■ RECORDS SHOWN:

◇ ◇ ◇ ◇

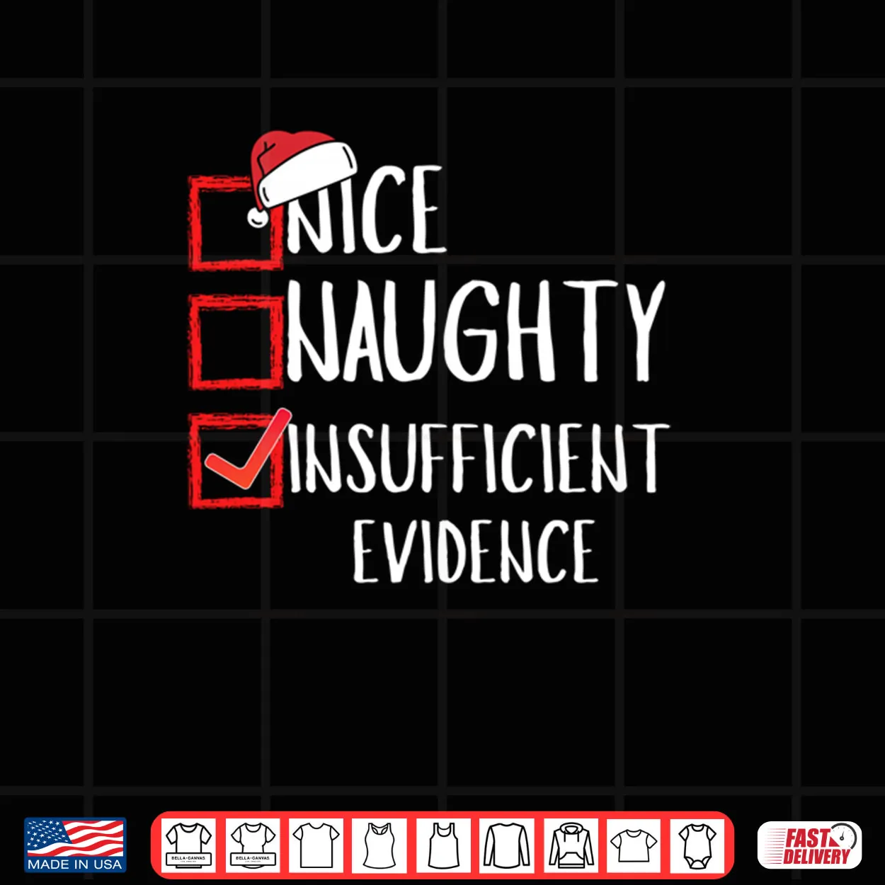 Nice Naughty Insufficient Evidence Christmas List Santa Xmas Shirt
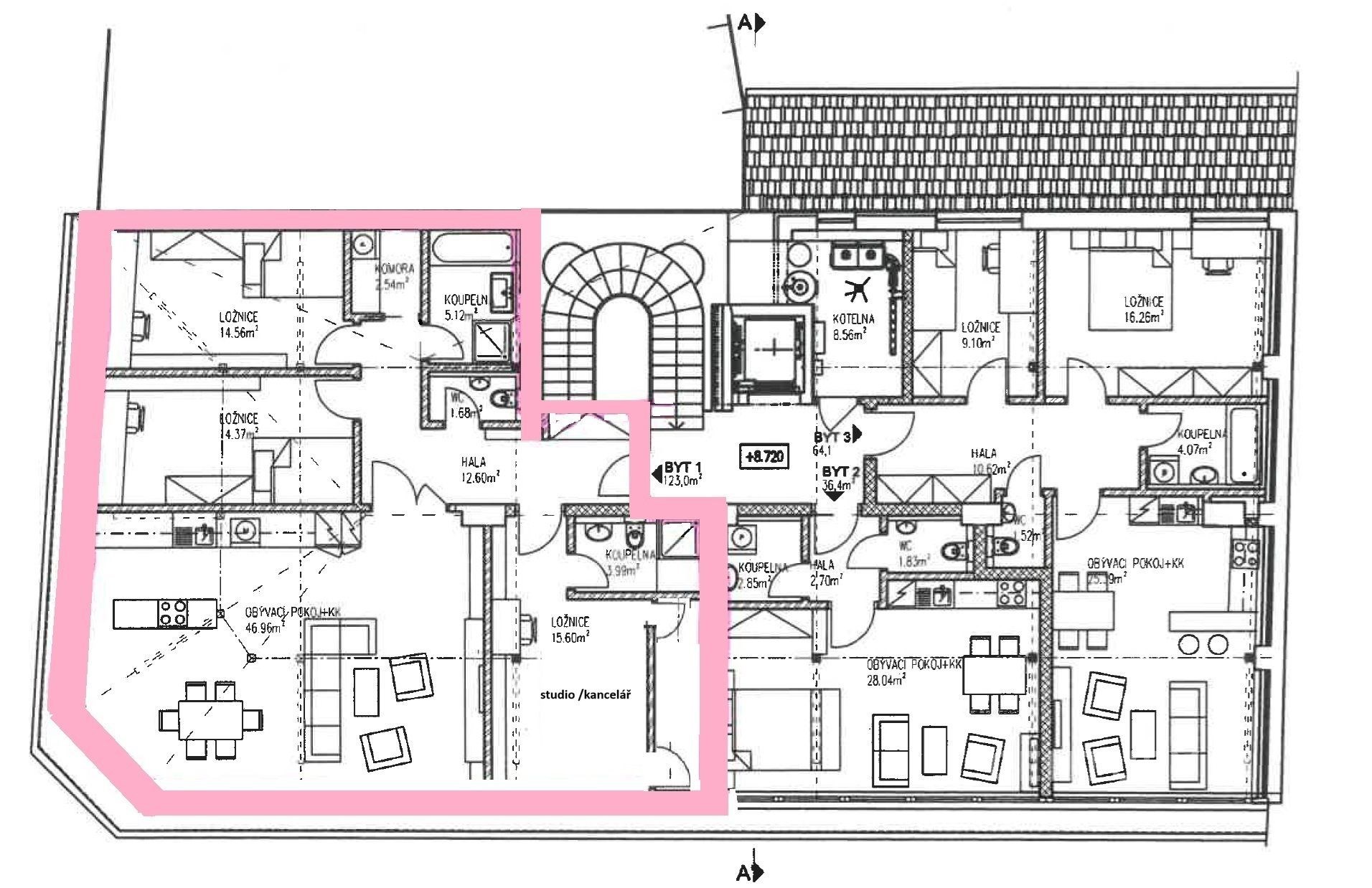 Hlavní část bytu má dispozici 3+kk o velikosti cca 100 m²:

◇ ◇ ◇ ◇

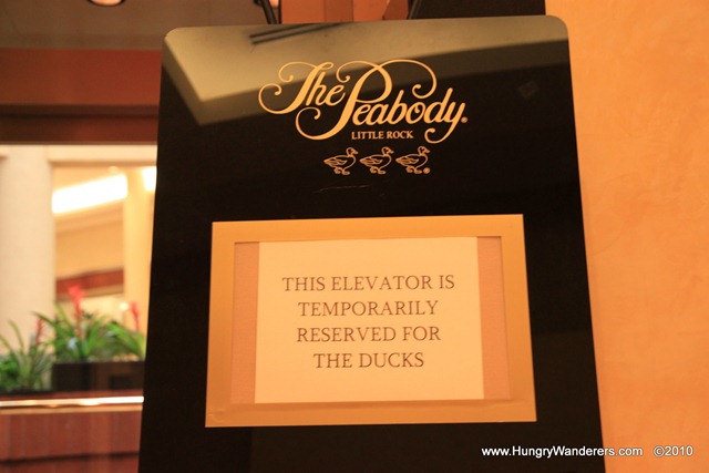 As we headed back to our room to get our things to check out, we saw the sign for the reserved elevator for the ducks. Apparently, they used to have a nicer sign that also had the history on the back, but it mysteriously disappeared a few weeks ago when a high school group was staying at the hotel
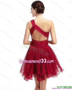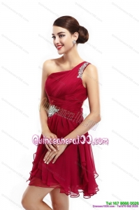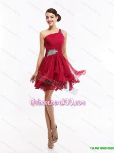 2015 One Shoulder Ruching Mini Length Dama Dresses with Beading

◇ ◇ ◇ ◇

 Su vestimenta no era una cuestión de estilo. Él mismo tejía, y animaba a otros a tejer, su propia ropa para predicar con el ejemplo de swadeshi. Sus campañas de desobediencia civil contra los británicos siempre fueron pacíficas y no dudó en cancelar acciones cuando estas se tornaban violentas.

◇ ◇ ◇ ◇

■ WORK INSTRUCTIONS: Among the entries above, take the line with "Nice Naughty Insufficient", the line with "Hlavní část bytu", and all the lines between them, and restate them word for word without pictures.

■ EXERCISE OUTPUT:
 Nice Naughty Insufficient Evidence Christmas List Santa Xmas Shirt
 Hlavní část bytu má dispozici 3+kk o velikosti cca 100 m²:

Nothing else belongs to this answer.